WATERTOWN — The Development Authority of the North Country is partnering with Jefferson County to map out current broadband internet infrastructure, and highlight where more work is needed across the county.
DANC is contracting with ECC Technologies, a telecommunications engineering company in Penfield, Monroe County, to map out which addresses in the county have access to broadband internet. Teams will physically trace and map infrastructure along the roadside, and an online survey will be made available for county residents to report how they access the internet, how they use it and how fast their connection speeds are.

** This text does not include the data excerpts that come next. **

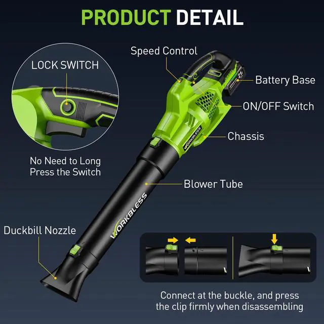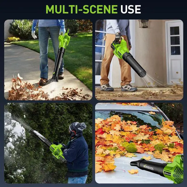 Professional-Grade & Multi-Scene UseWORKLESS PRO performance, no maintenance required! Say goodbye to gas blow dryer exhaust fumes and wired restrictions. This lightweight and durable electric blade blow dryer performs well both indoors (garages, workshops) and outdoors (lawns, patios). Easy to install, powerful results.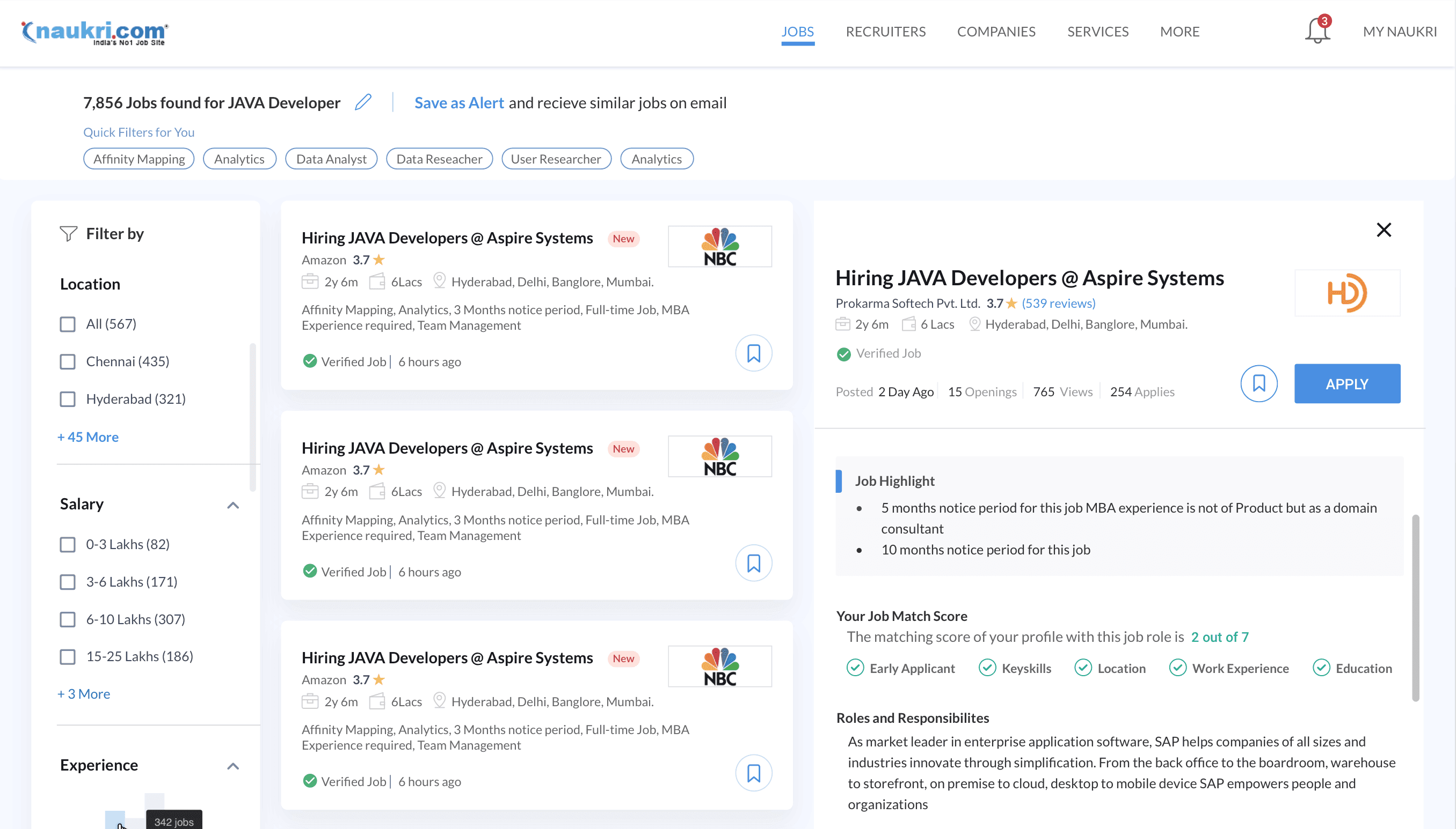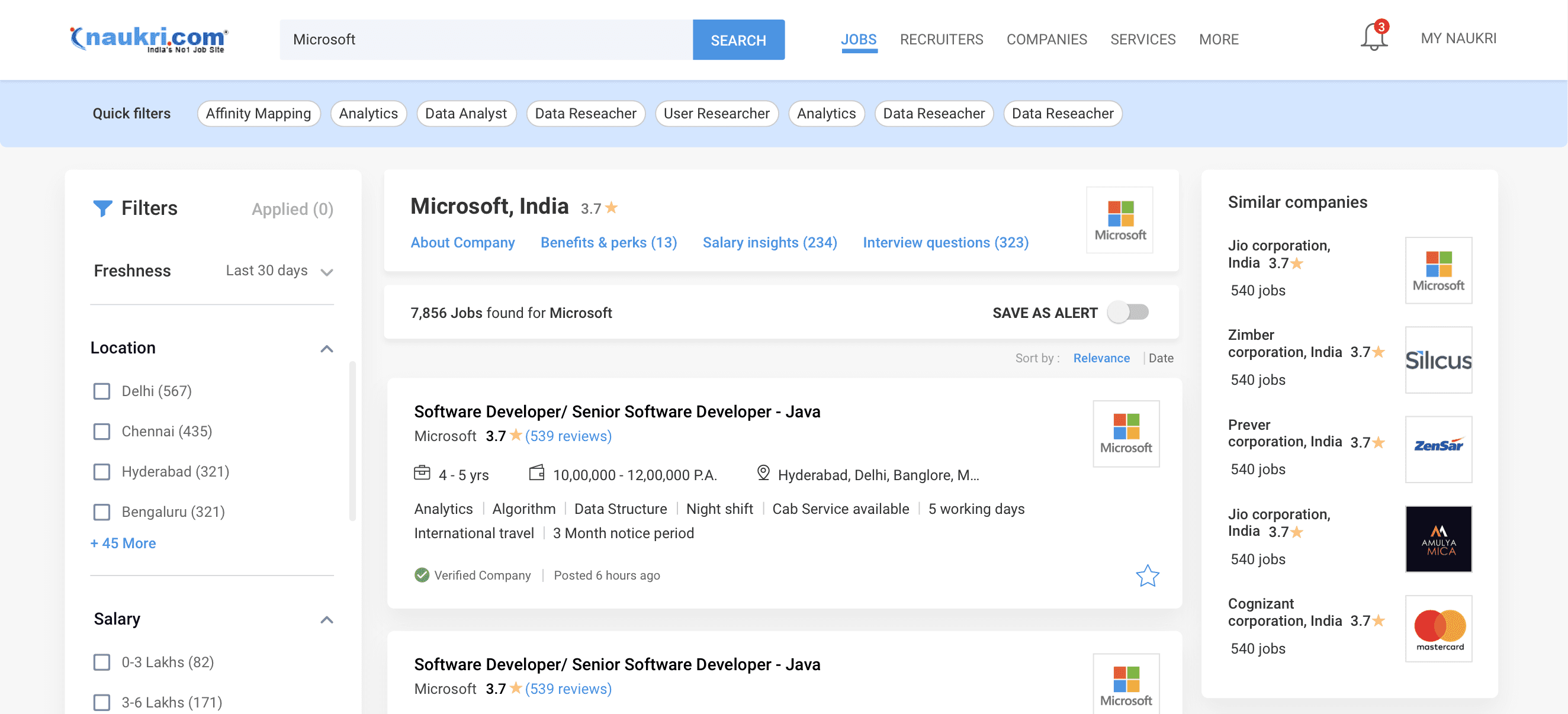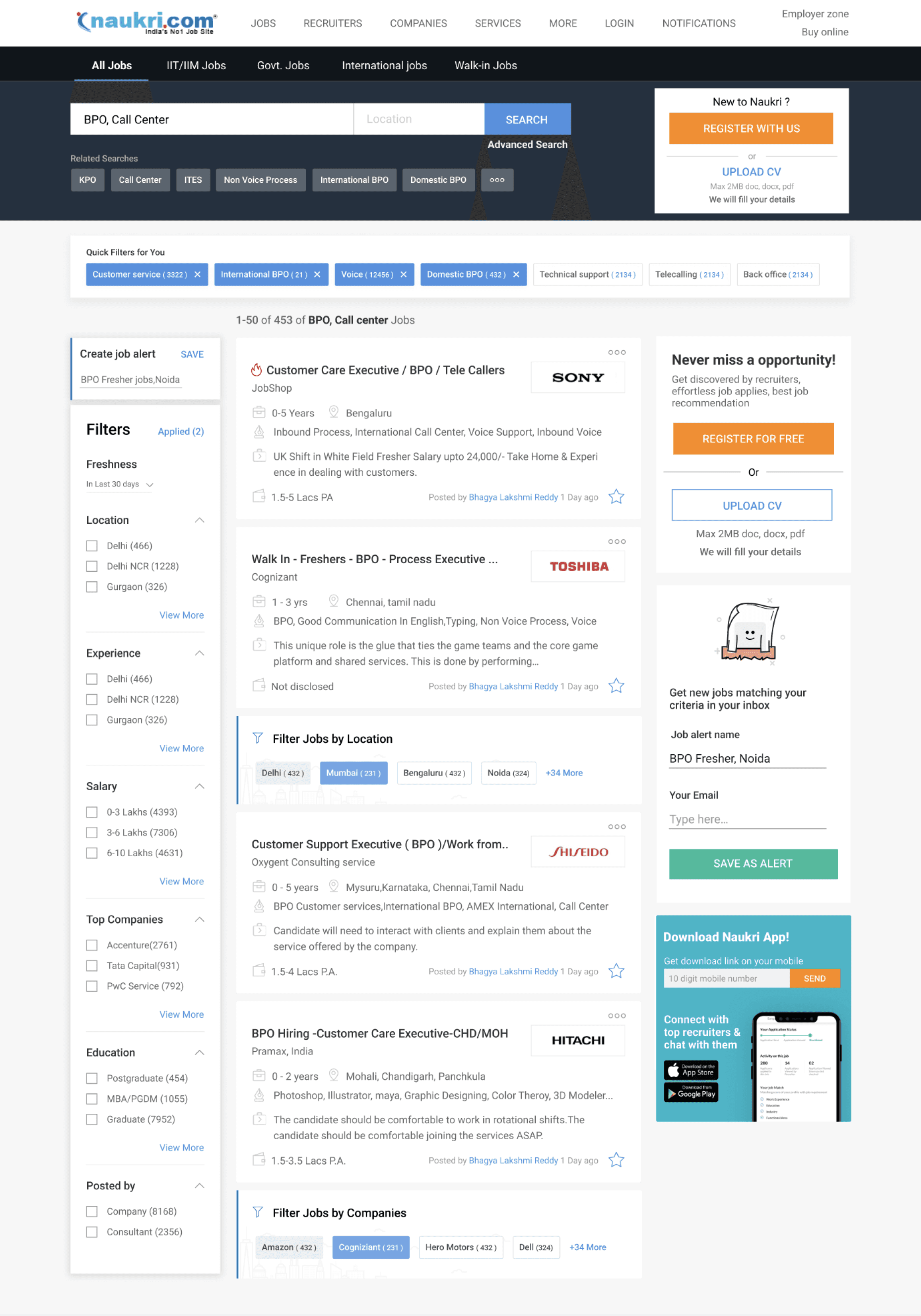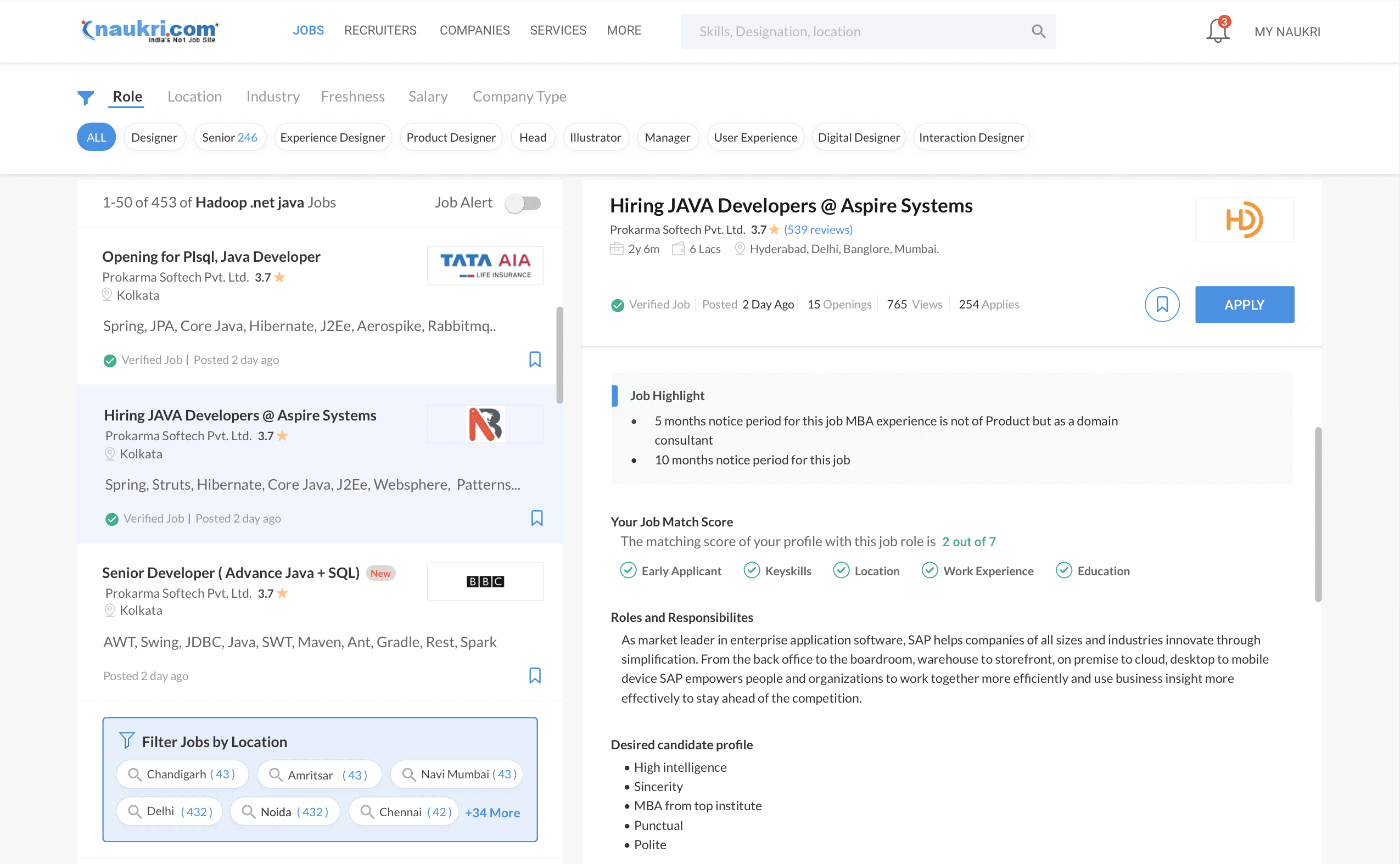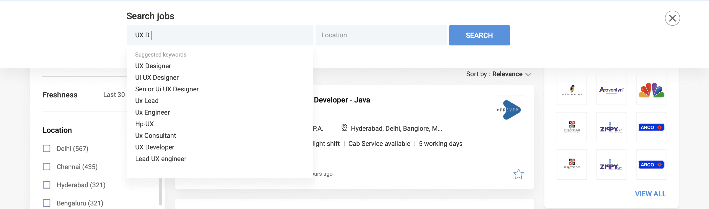 Naukri.com is an Indian employment website operating in India and the Middle East. In terms of user statistics, Naukri.com has a total of 21 million visits. The website ranks 2nd in the Jobs and Career and Employment category in India. i worked as UX designer in Naukri in job seekers division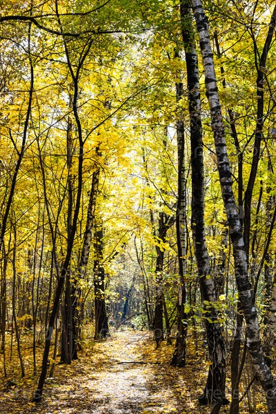 Залитая солнцем тропинка в лесу городского парка в осенний день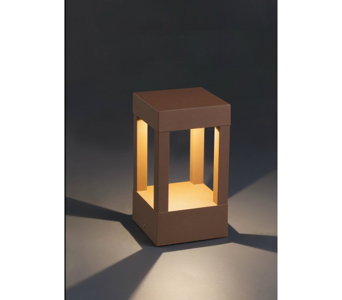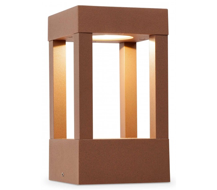 Agra halvmurslampe i et moderne design, fremstillet i rustlakeret aluminium og skærm i klart glas. Lampen måler 20 cm i højden og anvender 1 x COB LED lyskilde på 10W (Inkl.). Lampen bør monteres på fast undergrund eller betonstøbning/flise.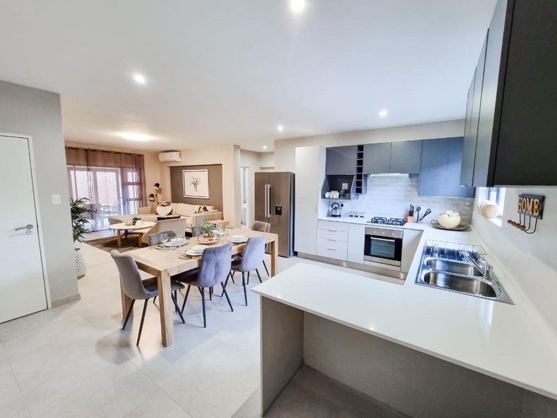 Enjoy effortless modern living in Nelspruit with easy access to shops and schools; 3-bedroom townhouse features battery back-up inverter, quartz kitchen, fibre-ready connectivity and double garage.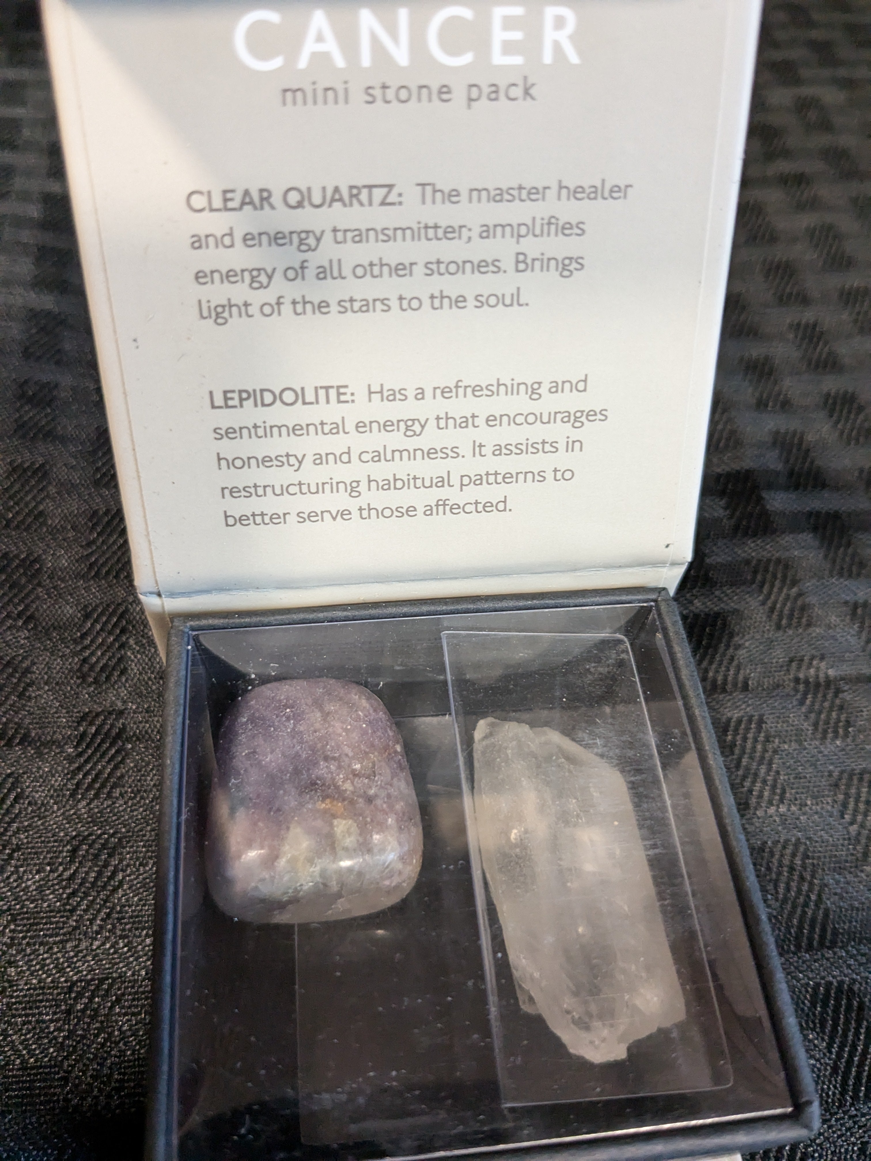 mini stone pack for the Cancer zodiac sign, includes clear quartz and lepidolite gemstones. Click on the image to read their energy properties that can invigorate your daily life.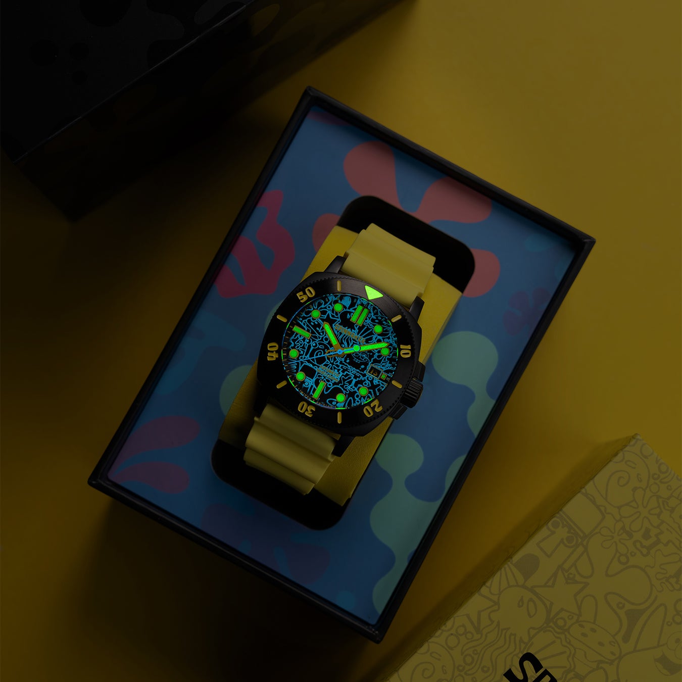 ハルオートマティック スポンジ・ボブ リミテッドエディションの最大の特徴は、文字盤にあります。ブランドネームや日付、機能表示に、『スポンジ・ボブ』の世界で使われているような楽しげなフォントを採用。さらに薄暗く描かれたグラフィック……実はUVライトを照らすことで、架空の海底都市「ビキニタウン」で笑顔を見せるスポンジ・ボブの姿が浮かび上がるのです。それはまるで、深海に隠された宝物のようにも見えます。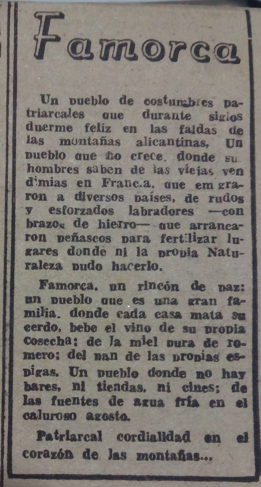 Famorca, un rincón de paz: un pueblo que es una gran familia, donde cada casa mata su cerdo, bebe el vino de su propia cosecha, de la miel pura de romero, del pan de se las propias espigas. Un pueblo donde no hay bares, ni tiendas, ni cines; de ls fuentes de agua fría en el caluroso agosto.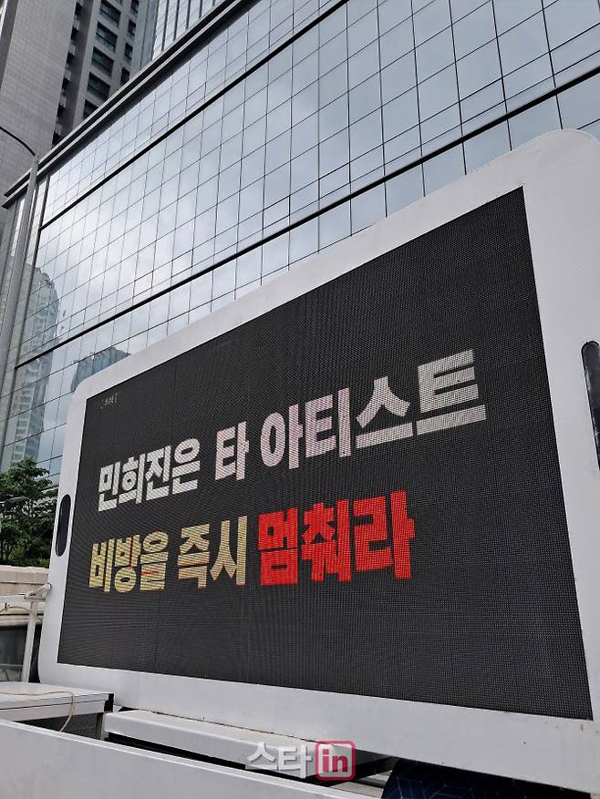 "민희진, 뉴진스 이용 말라"…용산 하이브 사옥 앞, 트럭 시위 벌어졌다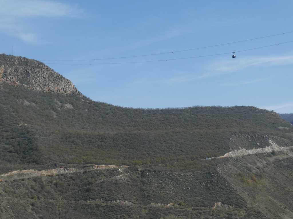 Wer diese kurvenreiche Strecke vermeiden und trotzdem zum Kloster will, der kann eine bequeme Gondel-Seilbahn über fast 6 km Länge nehmen. Nach den örtlichen Informationen ist es die zur Zeit längste Seilbahn der Welt. Man sieht die Gondel rechts oben im Bild. Sie wurde von österreichischen Unternehmen gebaut.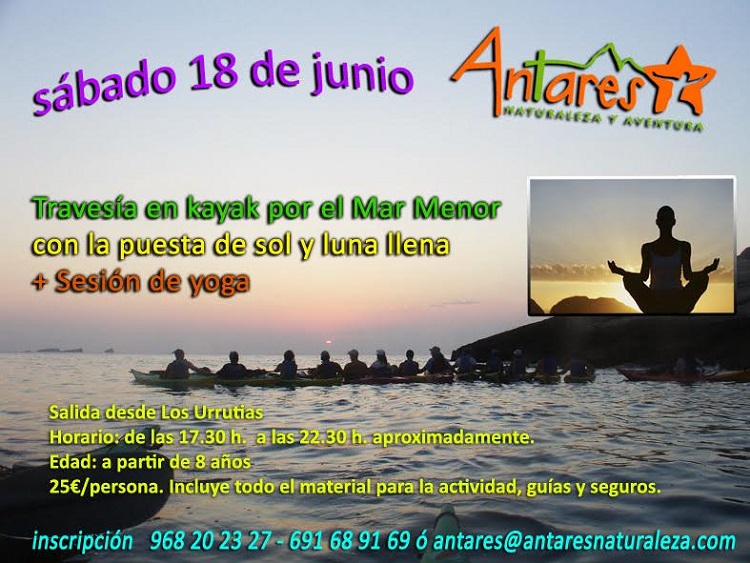 Antares Naturaleza y Aventura ha organizado para el próximo sábado 18 de junio una travesía en kayak por el Mar Menor con la puesta de sol y la luna llena. Esta actividad irá acompañada de una sesión de yoga.

“All the information will be mapped, which will give us a very clear, data-driven picture of where the unserved and underserved areas of the county actually are,” said Laurie A. Marr, DANC’s spokesperson.
That data will then be made available for county leadership to use as they plan infrastructure projects and targeted expansions with the goal of expanding internet access across the region.
During their Nov. 10 board meeting, Jefferson County legislators voted unanimously to begin the study. The county will pay $33,500 — half of the $67,000 project — which will run until August 2021.
As more north country residents have been working or learning from home as a result of the ongoing coronavirus pandemic, Jefferson County Board of Legislators Chairman Scott A. Gray said internet access has become integral to many people’s daily lives.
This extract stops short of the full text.